Date of Report (date of earliest event reported): November 29, 2019

JEFFERIES FINANCIAL GROUP INC.
(Exact name of registrant as specified in its charter)
New York
001-05721
13-2615557
 
(State or other jurisdiction of incorporation or organization)
(Commission File Number)
(I.R.S. Employer Identification No.)
 
 
 
520 Madison Avenue
New York,
New York
10022
 
(Address of Principal Executive Offices)
(Zip Code)
 
(212) 460-1900
Registrant's telephone number, including area code

(Former name or former address, if changed since last report)
______________________________

Check the appropriate box below if the Form 8-K filing is intended to simultaneously satisfy the filing obligation of the registrant under any of the following provisions (see General Instruction A.2. below):

Written communications pursuant to Rule 425 under the Securities Act (17 CFR 230.425)

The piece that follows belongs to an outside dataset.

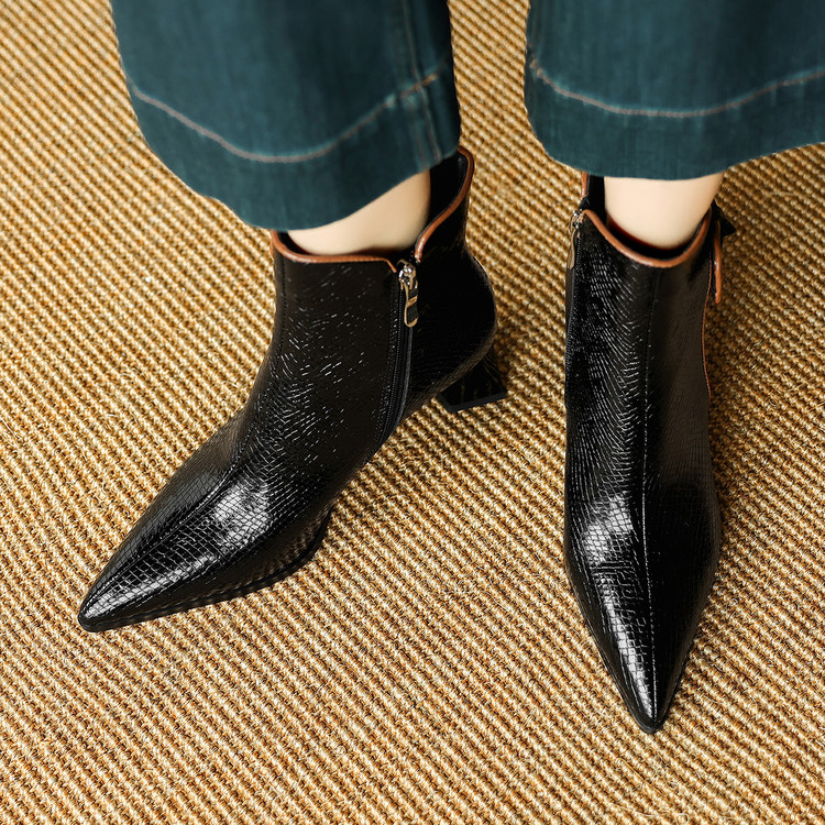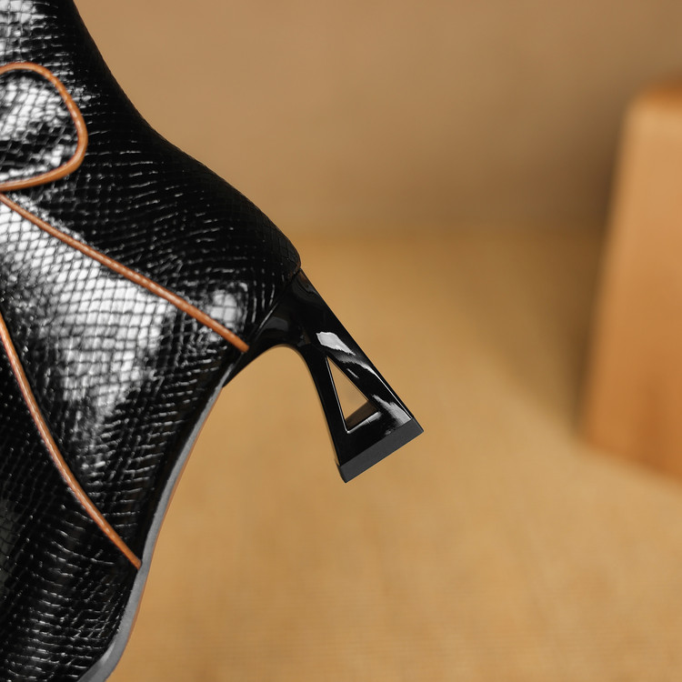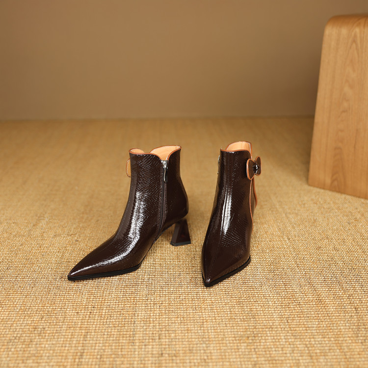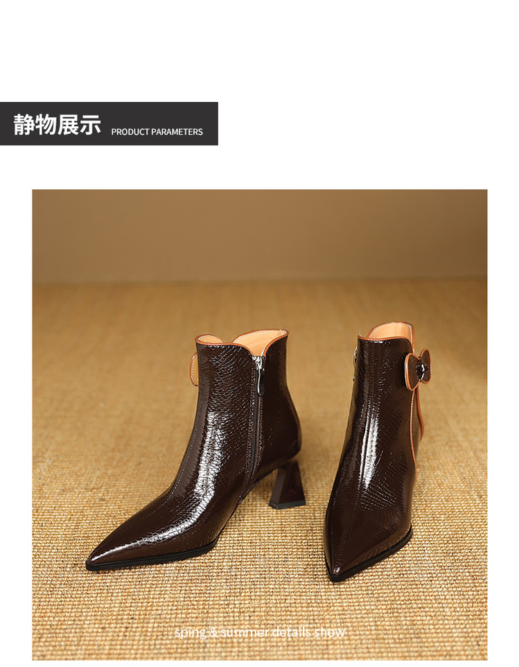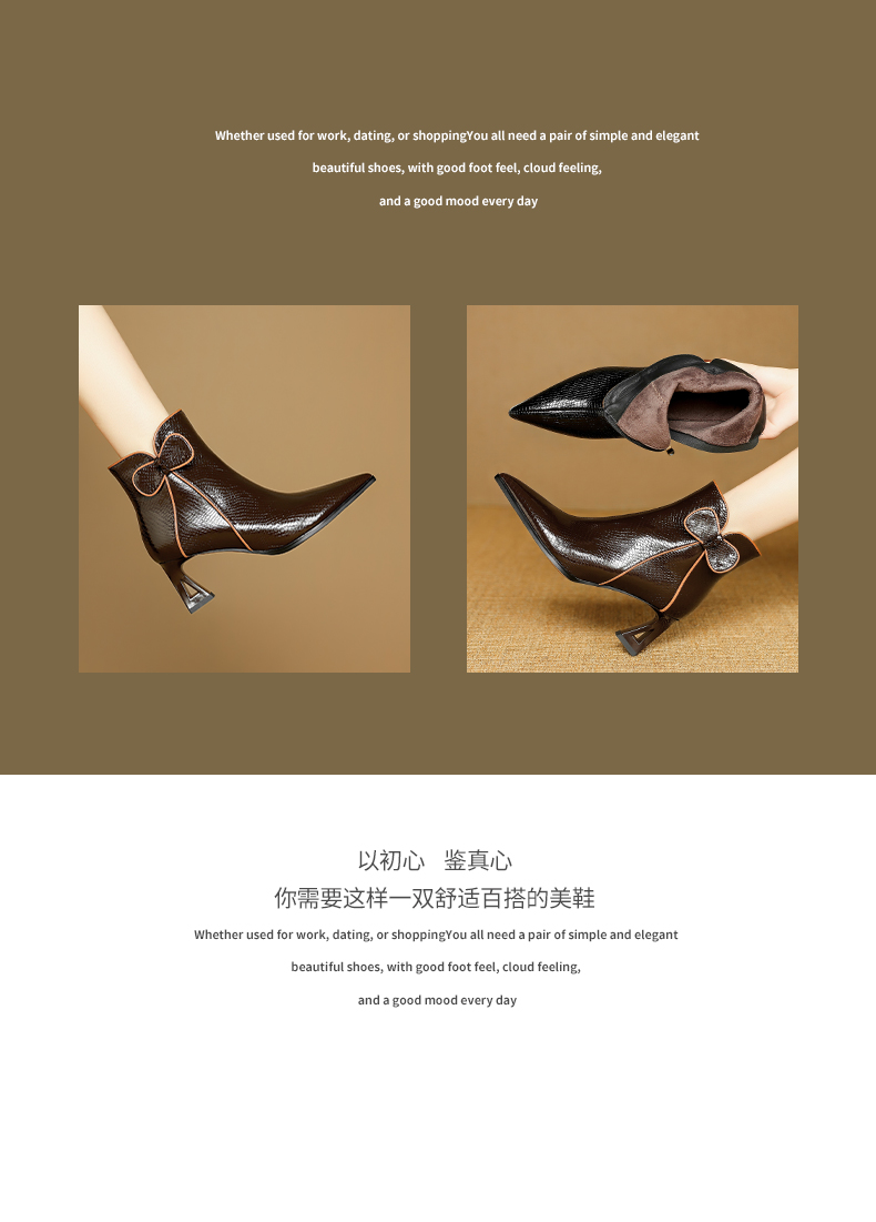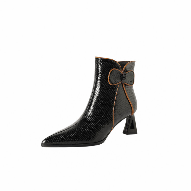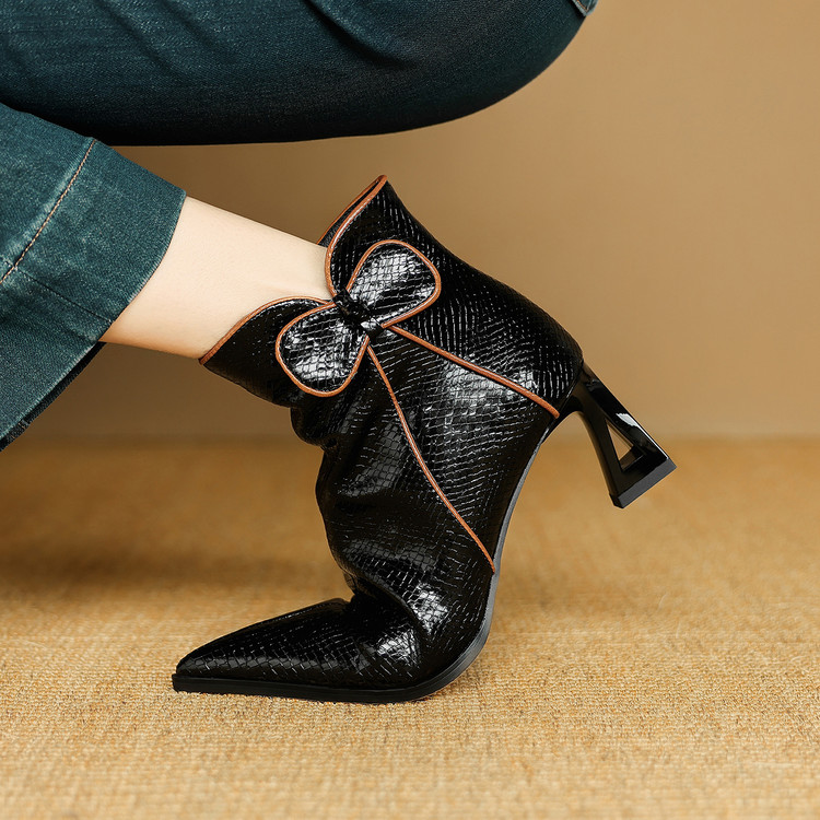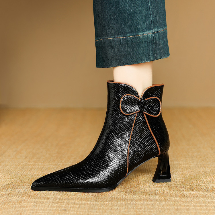 【预售5天】经典牛皮短靴女新款秋冬中跟单靴时尚蝴蝶结尖头洋气棕色皮靴DB&M6605

Soliciting material pursuant to Rule 14a-12 under the Exchange Act (17 CFR 240.14a-12)

Pre-commencement communications pursuant to Rule 14d-2(b) under the Exchange Act (17 CFR 240.14d-2(b))

Pre-commencement communications pursuant to Rule 13e-4(c) under the Exchange Act (17 CFR 240.13e-4(c))

Securities registered pursuant to Section 12(b) of the Act:
Title of each class
Trading Symbol(s)
Name of each exchange on which registered
Common Stock; Par Value $1.00 Per Share
JEF
New York Stock Exchange

Indicate by check mark whether the registrant is an emerging growth company as defined in Rule 405 of the Securities Act of 1933 (§230.405 of this chapter) or Rule 12b-2 of the Securities Exchange Act of 1934 (§240.12b-2 of this chapter).
Emerging growth company

If an emerging growth company, indicate by check mark if the registrant has elected not to use the extended transition period for complying with any new or revised financial accounting standards provided pursuant to Section 13(a) of the Exchange Act.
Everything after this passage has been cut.